Now let’s create our first array. An array is a sequence of numbers so we can convert any Python sequence to an array. One of the most commonly used Python sequence is the list. To convert a Python list to an array we simply pass a list to the numpy array constructor

import numpy as np
my_list = [4, 2, 7, 9]
my_array = np.array(my_list)


This creates a NumPy array with the entries 4, 2, 7, 9. We can do the same with a tuple.

my_tuple = (4, 2, 7, 9)
my_array = np.array(my_list)


Of course we can also convert nested sequences to arrays and it works exactly the same way.

my_nested_list = [[4, 2, 7, 9], [3, 2, 5, 8]]
my_array = np.array(my_nested_list)


This is the first way to create arrays. Pass a sequence to the np.array constructor. The second way is to use numpy functions to create arrays. One such function is np.zeros.

zeros = np.zeros((3, 4))
np.array([[0., 0., 0., 0.],
[0., 0., 0., 0.],
[0., 0., 0., 0.]])


np. zeros gives us an array where each entry is 0 and it requires one argument: the shape of the array we want to get from it. Here we got an array with three rows and four columns, because we pass it the tuple (3, 4). This function is useful if you know how many values you need (the structure) but you do not know which values should be in there yet. So you can pre-initialize an all zero array and then assign the actual values to the array as you compute them. Another array creation function is called np.arange

arange= np.arange(5, 30, 2)
arange
array([ 5,  7,  9, 11, 13, 15, 17, 19, 21, 23, 25, 27, 29])


np.arange gives us a sequence starting at 5, stopping at 30 (not including 30) and going in steps of 2. This function is very useful to generate sequences that can be used to index into another array. We will learn more about indexing in a future blog post. A function very similar to np.arange is np.linspace.

linspace = np.linspace(5, 29, 13)
linspace
array([ 5.,  7.,  9., 11., 13., 15., 17., 19., 21., 23., 25., 27., 29.])
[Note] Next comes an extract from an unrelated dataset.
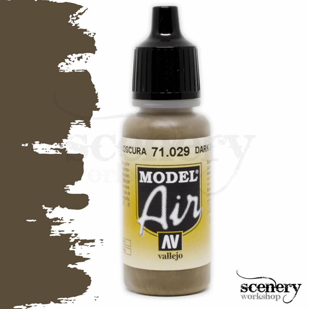 Vallejo Model Air Dark Earth maakt deel uit van het Model Air programma van het merk Vallejo, speciaal ontwikkeld voor de airbrush en is een bruine acrylverf in een 17ml. eyedropper potje.

Instead of taking the step size between values, linspace takes the number of entries in the output array. Also, the final value is inclusive (29 is the final value). Finally the third way to generate numpy arrays is with the np.random module. First, lets look at np.random.randint

randint = np.random.randint(5, 30, (3,4))
array([[26, 17, 26, 24],
[20, 16, 29, 25],
[25, 21, 26, 26]])


This creates an array containing random integers between 5 and 30 (non-inclusive) with 3 rows and 4 columns. If you try this code at home the values of your array will (most probably) look different but the shape should be the same. Finally lets look at np.random.randn

randn = np.random.randn(4,5)  # Random numbers from normal distribution
randn
array([[-2.34229894, -1.43985814, -0.51260701, -2.58213476,  1.61196437],
[-0.69767456, -0.0950676 , -0.22415381, -0.90219875,  0.33513859],
[ 0.56432586, -1.62877834, -0.60056852,  1.37310251, -1.20494281],
[-0.20589457,  1.34870661, -0.89139339, -0.40300812, -0.15703367]])


np.random.randn gives us an array with numbers randomly drawn from the standard normal distribution, a gaussian distribution with mean of 0 and variance 1. Each argument we pass to the function creates another dimension. In this case we get 4 rows and 5 columns.

Summary

We learned how to create arrays, the central NumPy object. Working with NumPy means to work with arrays and now that we know how to create them we are well prepared to get working. In the next blog post we will take a look at some of the basic arithmetic functions we can perform on arrays and show that they are both more efficient and readable than Python builtin functions.